Thank you in advance,

best regards,

 

DrBobke

leonore-diagnostics-20240126-1343.zip

Link to comment

IF this behavior continues, Consider setting up the Syslog Server using "Mirror syslog to flash: " method.   After the next shutdown, pull the flash drive and get the file from the       /logs        directory/folder and upload it in a new post in this thread. 

 

EDIT:  One more thing, make sure that all fans are running.  

 

          Another thing.  Is a parity check running?  Do you run periodic parity checks?  If so, how often?

Edited by Frank1940
Link to comment
3 hours ago, JorgeB said:

This is most likely a hardware issue, or power.

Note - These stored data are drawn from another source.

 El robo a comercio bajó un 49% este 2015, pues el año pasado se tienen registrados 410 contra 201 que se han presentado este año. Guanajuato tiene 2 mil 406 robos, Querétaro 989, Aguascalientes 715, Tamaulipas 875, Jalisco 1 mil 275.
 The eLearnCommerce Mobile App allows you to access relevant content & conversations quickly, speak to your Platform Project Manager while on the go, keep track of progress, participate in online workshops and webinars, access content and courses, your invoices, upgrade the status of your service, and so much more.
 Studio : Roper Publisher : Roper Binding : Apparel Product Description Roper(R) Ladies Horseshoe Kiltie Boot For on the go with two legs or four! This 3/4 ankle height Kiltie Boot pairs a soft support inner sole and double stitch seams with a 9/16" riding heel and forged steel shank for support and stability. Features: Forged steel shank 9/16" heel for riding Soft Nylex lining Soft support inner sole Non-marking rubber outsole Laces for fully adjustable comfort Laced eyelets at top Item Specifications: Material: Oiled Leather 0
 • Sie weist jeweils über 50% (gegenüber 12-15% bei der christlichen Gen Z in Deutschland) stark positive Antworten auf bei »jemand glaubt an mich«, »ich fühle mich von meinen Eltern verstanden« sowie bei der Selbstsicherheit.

Yeah, that is what I read in the other topics too, but it's weird that all was working fine and then nothing. I do understand this can happen after a powercut, but still.. Not really an answer.. ;-) 

Link to comment
2 hours ago, Frank1940 said:

IF this behavior continues, Consider setting up the Syslog Server using "Mirror syslog to flash: " method.   After the next shutdown, pull the flash drive and get the file from the       /logs        directory/folder and upload it in a new post in this thread. 

 

EDIT:  One more thing, make sure that all fans are running.  

 

          Another thing.  Is a parity check running?  Do you run periodic parity checks?  If so, how often?

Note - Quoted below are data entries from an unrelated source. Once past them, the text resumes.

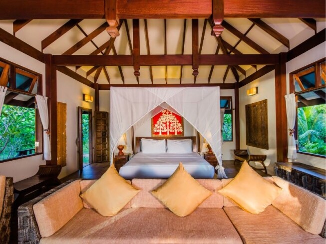 Each of the 24 villas is unique, with sea or garden settings and views, and 10 of them have private pools. There is a great range of accommodation to suit couples, groups and families, with one to five-bedroom villas available. Inside, they are spacious and open-plan, with a Thai-inspired design, art and antiques.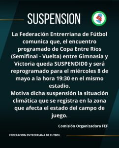 En horas del mediodía llegó la confirmación por parte de la Federación Entrerriana de Fútbol (FEF) que, en su informe, también dice que el partido se disputará el próximo miércoles con idéntica programación.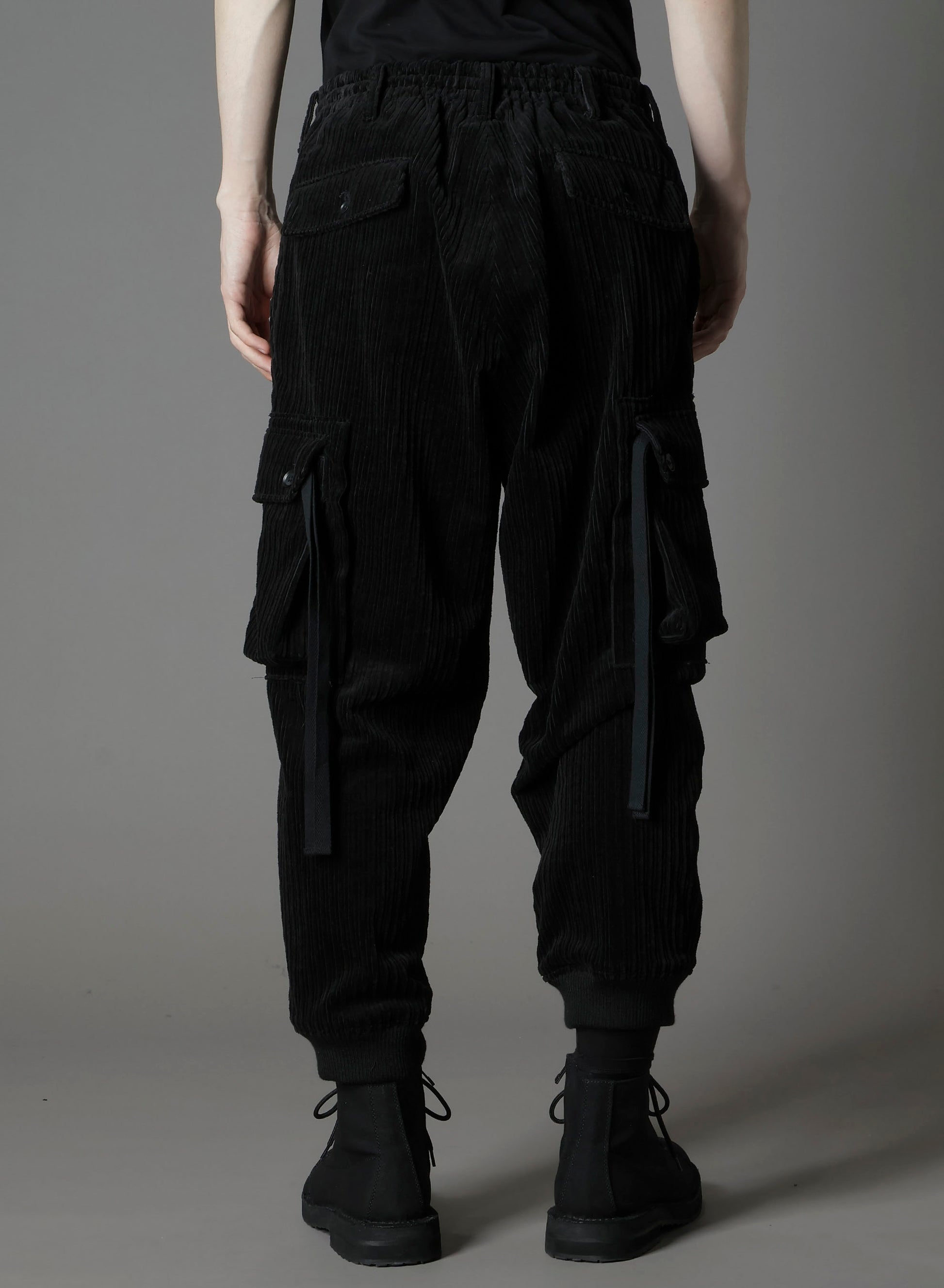 This description is for Ground Y's 2025-26 Autumn/Winter collection featuring cargo pants with cuffed hems. The pants are made from high-quality Japanese corduroy, which features a unique weave pattern obtained through Air Tumbler processing. These pants offer a visually rich texture, accented by large pockets with dangling cords.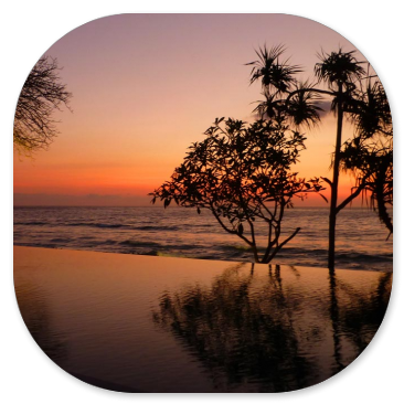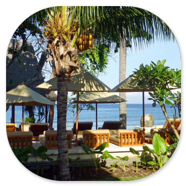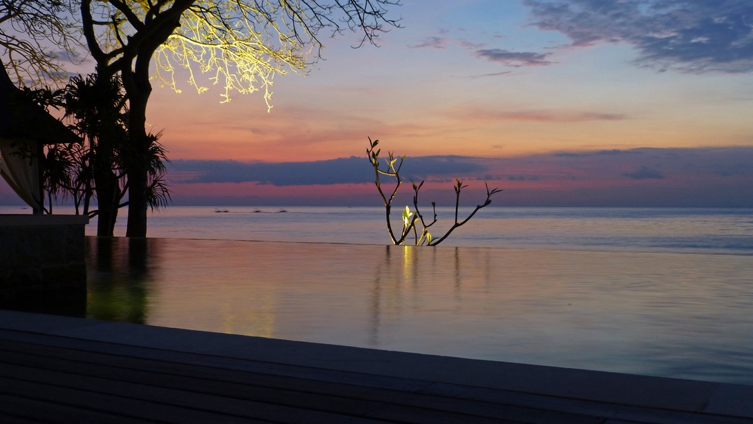 So sitzen wir bei der Happy Hour am Meer oder am Pool, schlürfen einen der leckeren Drinks zum halben Preis und schauen fasziniert übers Meer, wenn am Horizont die Sonne darin versinkt und der Gunung Agung (der 3100 m hohe heilige Vulkan auf Bali) in 35 km Entfernung als Silhouette erscheint.

Thanks, I will try this after dinner to set it up and see what happens.

I do run parity check, every week.  Parity also activates after the system is up and running again (as expected), but then the system shuts itself down after 15-30 min or so I think.

Link to comment
6 minutes ago, DrBobke1 said:

but it's weird that all was working fine and then nothing.

It's not that weird, you can try enabling the syslog server, but unless you have some plugin or something else shutting the down the server it's likely a hardware issue, and if that is the case there won't be anything relevant logged.

Link to comment
4 hours ago, Frank1940 said:

IF this behavior continues, Consider setting up the Syslog Server using "Mirror syslog to flash: " method.   After the next shutdown, pull the flash drive and get the file from the       /logs        directory/folder and upload it in a new post in this thread. 

 

EDIT:  One more thing, make sure that all fans are running.  

 

          Another thing.  Is a parity check running?  Do you run periodic parity checks?  If so, how often?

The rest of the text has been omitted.